___ MATERIAL PROVIDED ___

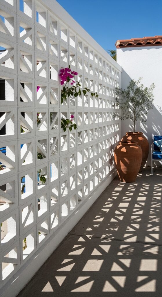 What makes it work: Decorative breeze blocks create privacy while simultaneously functioning as sun-control screens, with their geometric openings casting extraordinary geometric shadow patterns that shift as the sun moves throughout the day. This makes the wall visually engaging at every hour — the shadow patterns are as much a design element as the blocks themselves.
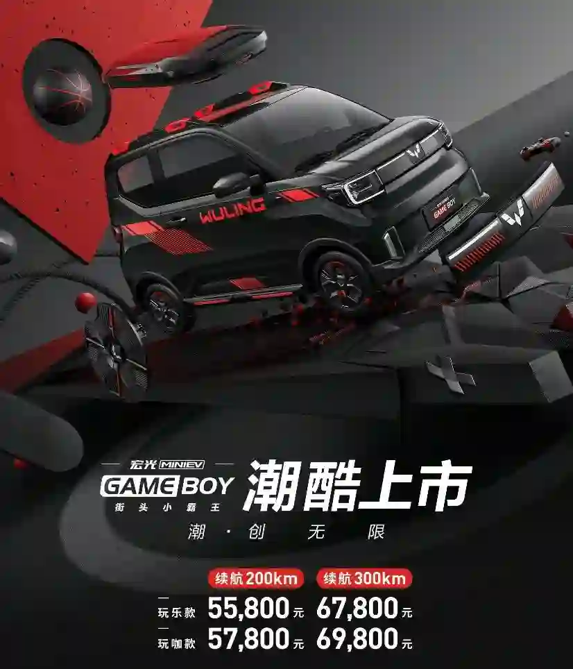 【宏光MINIEV GAMEBOY上市起售价超5万元】五菱宏光MINIEV GAMEBOY车型正式上市,共推出了4款车型,售价区间为5.58万-6.98万元。续航里程分为200km和300km两个版本。每款车型还提供磷酸铁锂和三元锂两种电池选择。(蓝鲸财经)
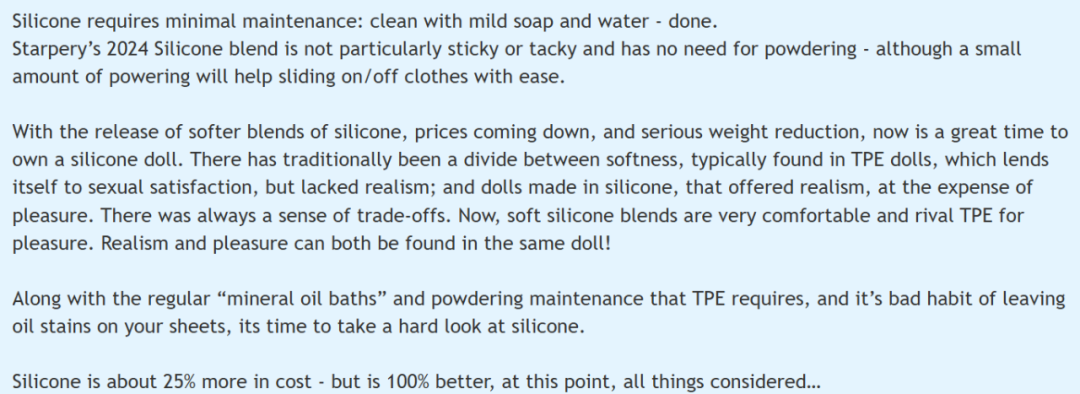 再加上TPE材质的娃娃需要定期进行“矿物油浴”以及扑粉保养,而且它还有在床单上留下油渍的坏习惯,是时候认真考虑一下硅胶材质的娃娃了。

___

TASK GOAL
Copy out the material above in full and exactly; its pictures are not to appear.

TASK RESPONSE
 What makes it work: Decorative breeze blocks create privacy while simultaneously functioning as sun-control screens, with their geometric openings casting extraordinary geometric shadow patterns that shift as the sun moves throughout the day. This makes the wall visually engaging at every hour — the shadow patterns are as much a design element as the blocks themselves.
 【宏光MINIEV GAMEBOY上市起售价超5万元】五菱宏光MINIEV GAMEBOY车型正式上市,共推出了4款车型,售价区间为5.58万-6.98万元。续航里程分为200km和300km两个版本。每款车型还提供磷酸铁锂和三元锂两种电池选择。(蓝鲸财经)
 再加上TPE材质的娃娃需要定期进行“矿物油浴”以及扑粉保养,而且它还有在床单上留下油渍的坏习惯,是时候认真考虑一下硅胶材质的娃娃了。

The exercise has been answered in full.